In 2022, a large portion of the grass field was replaced by a new Astroturf pitch.

==Awards==
The school was made one of the first Beacon Schools in 1998. It was also awarded Specialist College Science Status. It won the International Schools Award from the British Council in 2006.
The school also received specialist Languages College Status, and followed this up with a series of Languages Days for both students of both primary and secondary level.

==Music==
There are many ensembles run by staff and students with the senior ensembles competing in national competitions.

Founded in 1992 by former Director of Music at the school, Cathy Roberts, St Aidan's Chamber Choir is made up of members of the St Aidan's and St John Fisher Associated Sixth Form. It has appeared in the BBC Songs of Praise School Choirs Competition several times, winning in 2006. In 2022 the Choir celebrated its 30th anniversary with a concert in Ripon Cathedral.

The school is home to a Symphony Orchestra, Symphonic Wind Band and Swing Band among others. In 2009 the Symphonic Wind Band gained a Silver Award in the National Concert Band Championships held in Cardiff.

The anthem 'King of Kings' has become an unofficial school song.

== Sport ==
Jonathan Webb was a pupil at this school between 2001–2008 and an integral part of the football team's success in the North Yorkshire School Football circuit and at National level. He now plays for Loughborough University FC after a brief professional career at Leeds United and Newcastle Blue Star.

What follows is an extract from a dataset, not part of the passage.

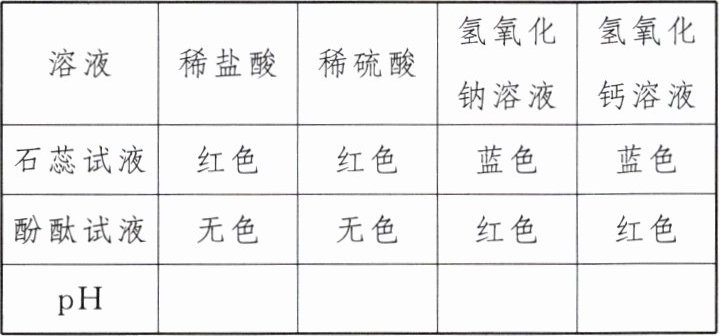 (1)在洁净的点滴板上分别滴加 1~2 滴稀盐酸、稀硫酸、氢氧化钠溶液、氢氧化钙溶液。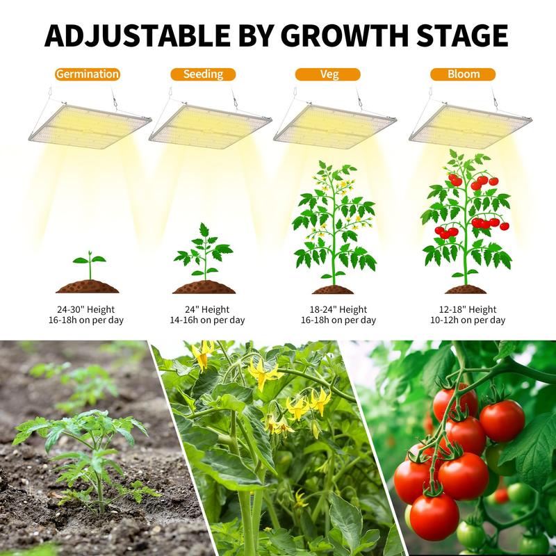 · Smooth Dimmable Control: Features both a dimmer knob and RJ port for flexible brightness adjustment. Easily fine-tune light intensity from low to high levels to match seedling, vegetative, and flowering needs—no extra controller required.

Caroline Lambert, a pupil between 2003 and 2010 is a regular member of England Great Britain fell running teams and World u23 mountain running trophy winner.

Chris Harrison (1998–2005) is a championship winning pool player, winning the Summer Supplementary Cup with Park View A in 2025.

Lucy Buxton (2004–2011) is an England junior basketball player.

George Mills (2010–present) is the current English Schools' 800m champion and England representative at the junior commonwealth games.

Tom Cartledge and Chris Noddings (1999–2006) qualified and played for the North Yorkshire Basketball team in the 06/07 season.

Chris Noddings (1999–2006) is also a multi-tournament winning tennis player, including winning both the HDTL Restricted Men's Singles and Mixed Doubles as well as finishing runner up in Men's Doubles in 2014

==Sixth form==

The school forms part of an associated sixth form with St John Fisher Catholic High School.

==Notable faculty==
Dennis Richards, headteacher 1988–2011, was awarded an OBE in 2007 for services to education. He also won the Ted Wragg Award for Lifetime Achievement at the 2007 Teaching Awards.

On 31 December 2011 it was announced that the former deputy head of St Aidan's, Steve Hatcher, had been awarded an MBE for services to education in the Queen's New Year's Honours list.

In January 2018, a third member of staff, Timothy Staden Pocock, was awarded an MBE for services to education, charity and local football.

==Notable alumni==
- Maisie Adam (comedian), former Head Girl
- Jacob Dudman (actor)
- Malcolm Neesam (historian, who attended Christ Church Secondary School for Boys which was amalgamated with St Aidan's).